Veículo: Valor Econômico
Seção: Brasil
Página: A3

  

 Com a memória ainda recente do 'apagão' no Brasil em 2001, as empresas estão monitorando com atenção a crise energética na Argentina. Os efeitos ainda não apareceram, mas, se a crise perdurar pode ter efeito de mão-dupla: ela pode reduzir as exportações de manufaturados e também afetar o fornecimento de peças para o Brasil, prejudicando a produção industrial. Por enquanto, as companhias mantém seus planos de vendas e investimentos na Argentina, apostando que a falta de energia será passageira. Para as montadoras de veículos e os fabricantes de autopeças, a luz amarela já acendeu, porque o setor é o mais integrado das economias dos dois países. Fábricas instaladas no Brasil são abastecidas parcialmente com peças adquiridas na Argentina. A CNH, fabricante de tratores e colheitadeiras, adquire na Argentina entre 10% e 15% das peças que utiliza na fábrica de Curitiba. 'O fornecimento está normal, mas estamos acompanhando com preocupação', diz Milton Rego, diretor de relações externas e de comunicação. A Argentina também é um mercado importante para a CNH, respondendo por 15% das vendas. Também é comum as montadoras no Brasil e na Argentina trabalharem de forma integrada para abastecer a América do Sul. É o caso da Ford, que produz a Ranger e o Focus na Argentina e o restante da linha no Brasil. Segundo Rogelio Golfarb, diretor de relações institucionais, a Ford investiu US$ 5,7 milhões na Argentina, expandindo a capacidade para 380 veículos/dia. 'Estamos investindo na Argentina, porque o mercado latino-americano cresceu significativamente', diz Golfarb, acrescentando que as vendas de veículos vão bater recordes no Brasil, Argentina, Venezuela e Colômbia em 2007. A Ford tomou precauções para não ser surpreendida pelo 'apagão'. A fábrica na Argentina trabalha apenas no primeiro turno, já que no segundo é mais comum o corte de energia, por conta do aumento do consumo nas residências. A empresa também possui geradores de energia próprios para utilizar em caso de emergência. 'Não acreditamos que a crise na Argentina vai perdurar', diz Golfarb. Na avaliação de Fernando Ribeiro, economista da Fundação Centro de Estudos do Comércio Exterior (Funcex), ainda não está claro a extensão da crise no país vizinho. Se o problema for grave, a tendência é reduzir a produção, gerando um aumento dos preços porque a demanda ainda está forte no país. 'Tudo vai depender da resposta do governo argentino na política econômica', diz.    

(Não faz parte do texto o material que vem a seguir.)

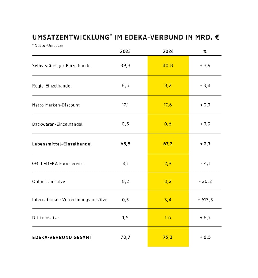 Grafik Nettoumsätze EDEKA-Verbund 2023 bis 2024. Steigung um 6,5 Prozent auf 75,3 Milliarden Euro.

Se o consumo seguir forte, as importações da Argentina devem aumentar, favorecendo os bens de consumo duráveis e não duráveis do Brasil. 'Pode ter um efeito no curto prazo, mas não é sustentável', diz Ribeiro. Ele explica que, com a queda da produção local, o desemprego aumenta, afetando também a renda. Se a Argentina crescer menos, as exportações brasileiras vão sofrer no médio prazo, principalmente de produtos manufaturados. O Brasil destina 13,5% das exportações de produtos industrializados para o sócio do Mercosul. 'Uma crise na Argentina seria muito ruim para a exportação, porque temos a vantagem de não pagar tarifa de importação no país, o que é cada vez mais importante com o atual patamar do câmbio', avalia Domingos Dragone, diretor industrial da Black & Decker. A empresa destina 30% das exportações de ferramentas elétricas para a Argentina. Ele diz que, por enquanto, o consumo está normal, mas que a filial na Argentina está preocupada. Para o presidente da Embraco, Ernesto Heinzelmann, 'uma crise na Argentina será muito ruim para o Brasil'. Ele avalia que o consumidor argentino tende a reduzir a compra de geladeiras se houver um apagão, que é um produto que gasta energia. A Embraco é um dos maiores fabricantes mundiais de compressores para geladeiras.  Há, contudo, pelo menos um setor lucrando com a situação. A gaúcha Stemac, fabricante de geradores, recebeu só na última semana mais de 50 pedidos de cotações de equipamentos por empresas argentinas. O volume equivale a cerca de um ano de vendas normais para o mercado daquele país, disse a coordenadora de exportações da companhia, Jéssica Lacorte. 'Por enquanto ainda não houve vendas efetivas, mas esperamos que elas se confirmem', comentou a coordenadora. Segundo ela, as consultas partem de empresas de diversos setores, 'algumas que nunca haviam ouvido falar em grupo gerador', à procura de equipamentos de todos os portes.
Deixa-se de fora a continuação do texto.